*** Opening of DATA BLOCK ***

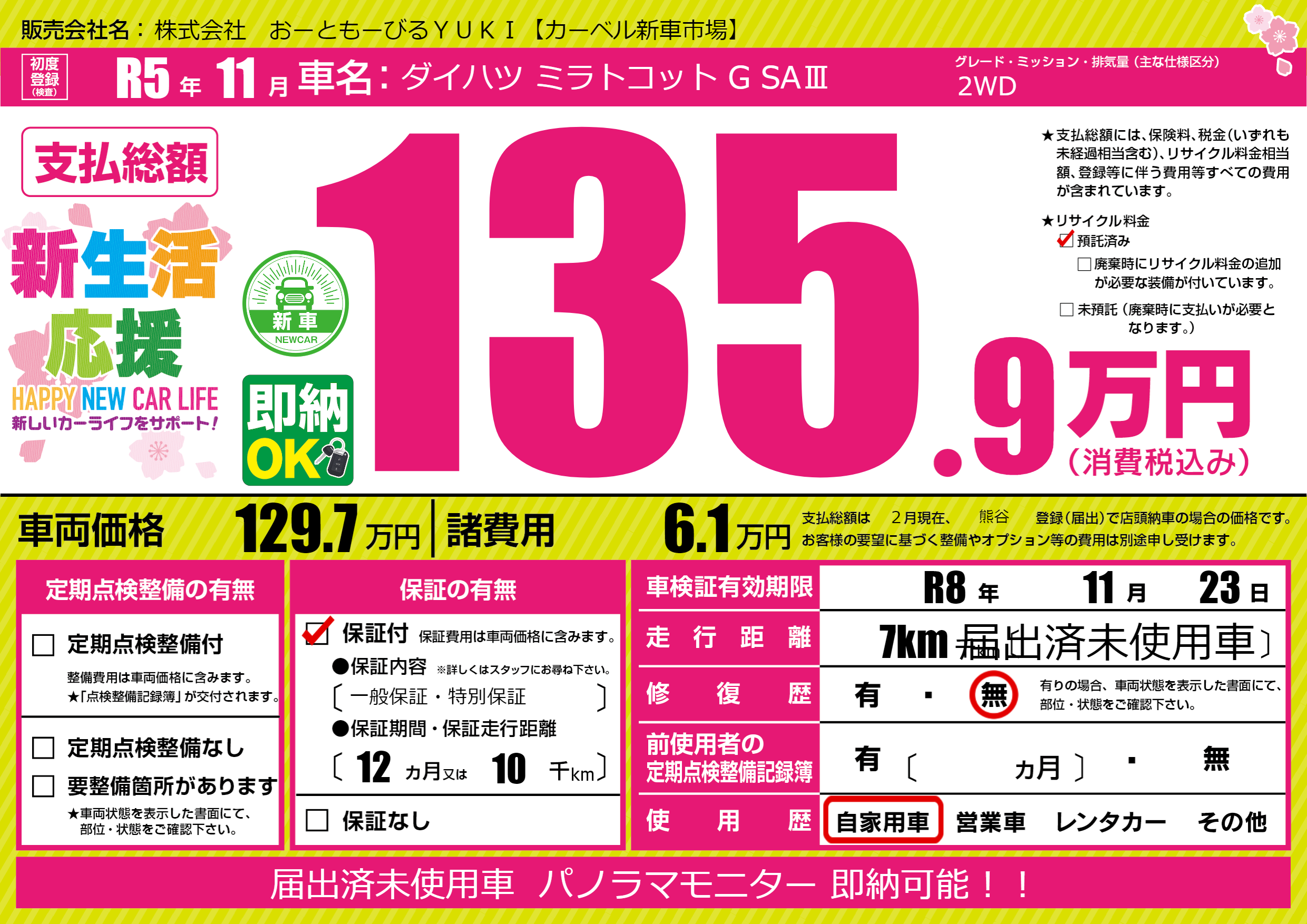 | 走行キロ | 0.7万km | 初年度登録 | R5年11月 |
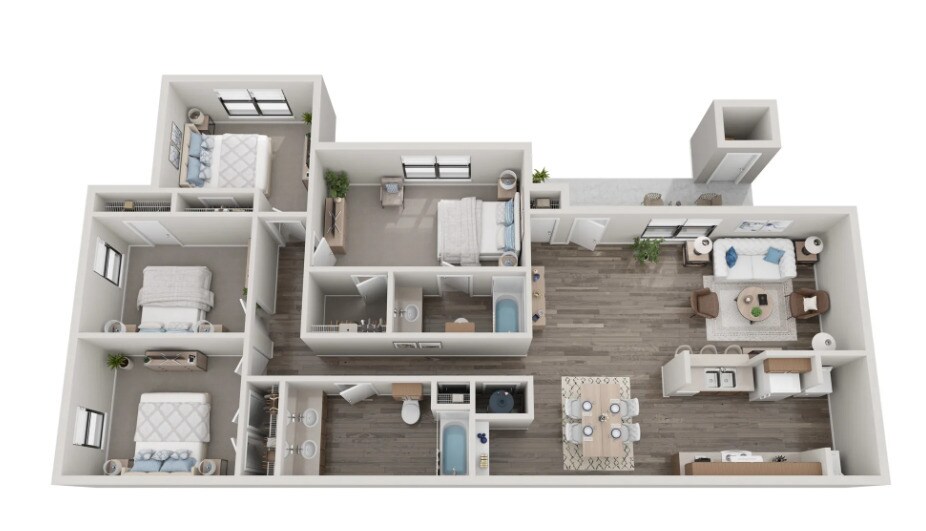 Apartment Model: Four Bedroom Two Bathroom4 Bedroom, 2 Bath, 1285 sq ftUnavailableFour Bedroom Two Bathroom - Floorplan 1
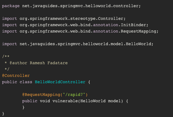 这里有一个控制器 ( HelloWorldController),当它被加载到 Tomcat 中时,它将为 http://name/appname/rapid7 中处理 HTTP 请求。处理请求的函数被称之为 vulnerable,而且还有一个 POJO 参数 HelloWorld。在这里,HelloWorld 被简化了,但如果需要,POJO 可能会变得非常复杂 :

*** Close of DATA BLOCK ***

WORK REQUEST: Write out an exact copy of the lines beginning at the line that contains "Apartment Model: Four" and ending at the last line of the listing. Exclude pictures.

RESULT OF THIS TASK:
 Apartment Model: Four Bedroom Two Bathroom4 Bedroom, 2 Bath, 1285 sq ftUnavailableFour Bedroom Two Bathroom - Floorplan 1
 这里有一个控制器 ( HelloWorldController),当它被加载到 Tomcat 中时,它将为 http://name/appname/rapid7 中处理 HTTP 请求。处理请求的函数被称之为 vulnerable,而且还有一个 POJO 参数 HelloWorld。在这里,HelloWorld 被简化了,但如果需要,POJO 可能会变得非常复杂 :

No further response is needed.